If you visit Puerto Rico, the first thing you should know is that the restaurants are basically a series of food trucks (I say this as someone flabbergasted by the food truck revolution. I’d like a nice table and server with my $18 taco, thank you very much.) You might be lured, as we were, by tables in beautiful gardens complete with chirping birds. You might be tricked into believing that a place sitting along the ocean would have delicious fresh seafood. But no. They are all food trucks.

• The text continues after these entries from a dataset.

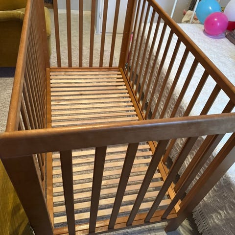 Klassinen valkoinen lasten pinnasänky. Tukeva. Pohjan saa säädettyä kolmelle eri tasolle. Leveys 65, korkeus 85 ja pituus 124. Kunto siisti. Pientä käytön jälkeä ruuvien kohdassa säädön jäljiltä.
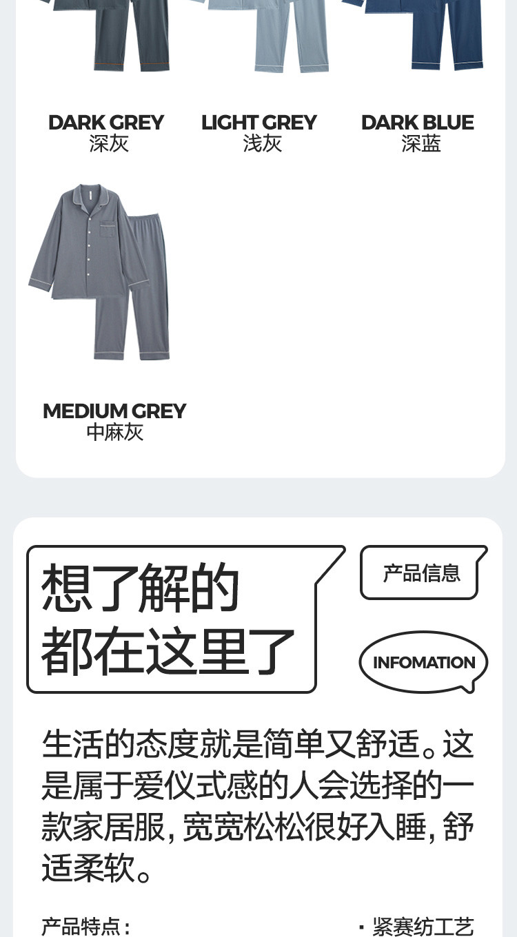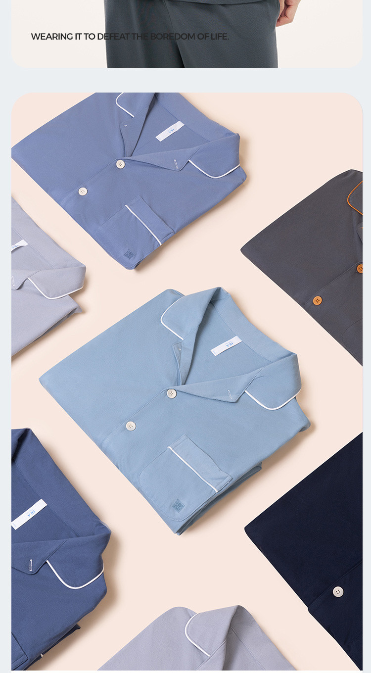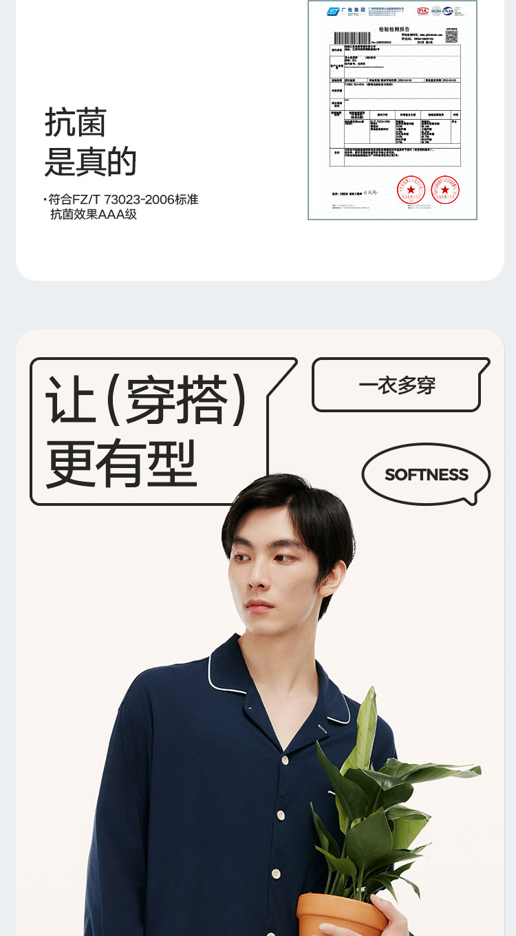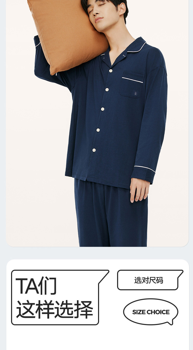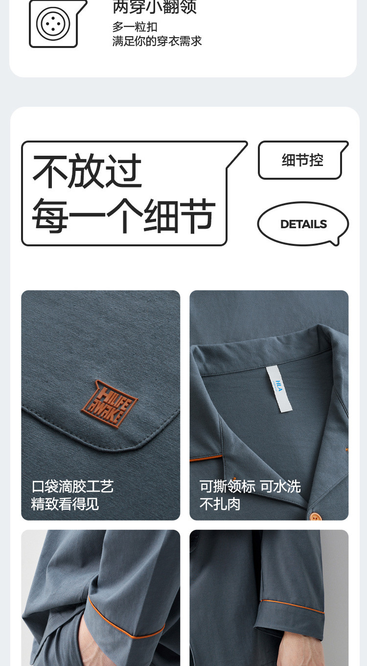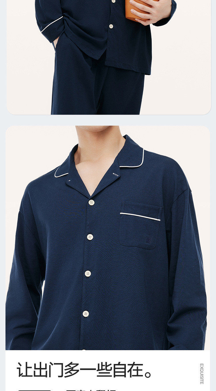 商品名称:【100%纯棉抑菌】翻领睡衣男长袖家居服套装高级感男士可外穿 481242
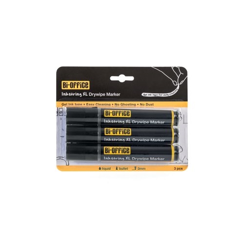 These Bi-Office Inkstring XL Drywipe Markers are an innovative Drywipe Marker, designed with a gel type ink, providing a unique and smooth writing experience for the customer. These Bi-Office Inkstring Markers are ideal to be used on all types of whiteboards, including glass whiteboards, at the office, schools, class rooms, meeting rooms, and even at home. The InKstring markers are available in three colours, black, blue and red, to facilitate the communication through the use of different colours, when presenting, teaching, brainstorming, and the like.
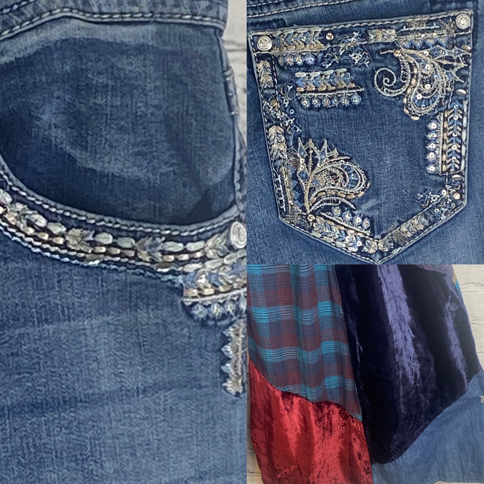Upcycled one of a kind Grace jeans with blue sparkly pocket trim paired with plaid/denim/velvet patchwork bell bottoms. Put together with quality thrifted items.
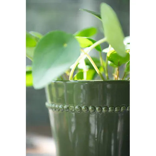 Elegantti valkoinen dolomiittiruukku aluslautasella ja kauniilla helmireunuksella. Ruukussa on reikä pohjassa, mikä tekee siitä täydellisen kasveille.
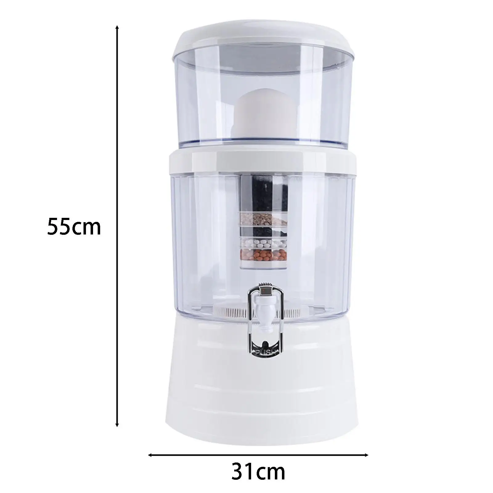 The 16 L capacity means less refilling and more time enjoying pure water. Place it where it is most convenient for you, whether in the kitchen for cooking or in a common area for easy access to fresh water throughout the day. Its straightforward design ensures that clean water is always a simple pour away.
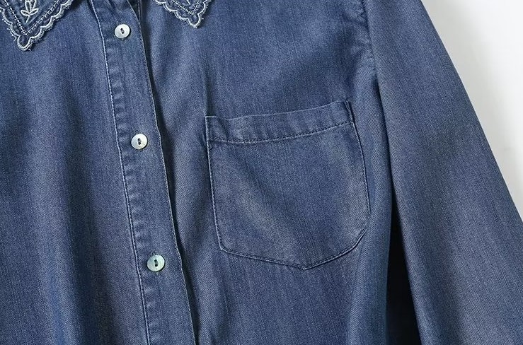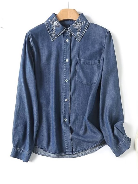 Blue Embroidered Collar Denim Shirt | Lisa – BlackPink

Foodies that we are, this was the biggest disappointment of the Enchanted Island. The first few days were rough. We actually ate at a burger joint that had exceptional fries and a veggie burger, which is not something you’d expect to crave on a vacation. But every time we tried seafood or even chicken, the food came back an overfried, dried-out mess.
Things began to look up when we sampled the local dish, mofongo. Now, I’m not an expert on Puerto Rico, but I’m pretty sure you could get this dish at a gas station and it would still be delicious. Mofongo is old-fashioned comfort food, Caribbean style. The basic premise is that plantains are smashed into a concoction that most closely resembles mashed potatoes. However, the texture is a bit firmer so the plantains are molded in sort of a bundt cake fashion. Within the plantain mold, you can add a variety of meats such as pork or crab (Did you even hear what I said earlier? Stay away from the seafood!). I managed to find a vegetarian mofongo that was topped with beans. I’m not sure why but the dish reminded me of red beans and rice. It was so tasty, especially contrasted with the crap I had been eating. I felt saved!
Walking along the cobblestone streets of Old San Juan, you can’t help but notice the Spanish influence. Kevin said the city reminded him of a very clean, freshly painted New Orleans. And he’s definitely right about that. Every few blocks, we also stumbled upon plazas. It only makes sense that if you are questing for food, the first thing you should notice is the architecture. Spanish, my friend, means tapas, and it was at two tapas places that we finally found food to write home about.
The first was right behind our hotel, hidden in plain sight if you will. El Toro Salao, which inexplicably means “the salty bull,” is home of the most amazing passion fruit caprihani I have ever tasted. We actually ate at the restaurant (inside for faster seating) on the night before the race, and had Kevin not dragged me out of the place kicking and screaming, I would have had 15 of them. Below the din of restaurant chatter, a jazz trio (I know this doesn’t make sense, but it was really nice) played haunting renditions of songs I only barely noticed at first. When Kevin asked the name of the song they were playing that I couldn’t name, the band was delighted and said they would play any song Kevin wanted. Between the drinks and the band, we could have stayed here a long time. The food, traditional tapas, wasn’t bad either. The patatas bravas or yummy potatoes (yes, that’s the translation!) were spicy and garlicky, just as I like them, and I devoured a bowl of olives marinated in red wine. I also ordered shrimp tacos refashioned as an appetizer in crunchy wonton skins. The dish was inventive, but again, do not eat seafood, even in nice tapas bars.
Later in the week, we stumbled into a tapas place called El Picoteo, which means to nibble or pick. This tapas place was the best one we’ve visited in all of our travels. From beginning to end, every single thing we ate was delicious. First up, I had Tomates Alinado, a tomato salad whose star was a unique pesto oil that lit up the dish. I dunked everything I could find into this oil—the bread, the tomatoes, my salmon from the next dish. Salmon en Pistachio Chimichurri was a pistachio-encrusted salmon with chimichurri sauce, and we were relieved to find that the fish was actually perfect. I guess you can find good seafood in Puerto Rico if you try hard enough. Another winner was the asparagus, grilled in olive oil. When done properly, these things are better than French fries. Kevin ate a variety of meat things, all of which he raved about: Chorizo Diablo, Spanish chorizo sauteed in brandy with quite a bit of kick, and Pinchos Filete, which were pork kabobs.
In the last two days, we managed to find several espresso bars with delicious pastries. One, La Tortuga, whose logo was a turtle that looked like an igloo, was a recommendation from a shop manager. It helps to ask a local where to eat. Sage advice for even the most seasoned traveler.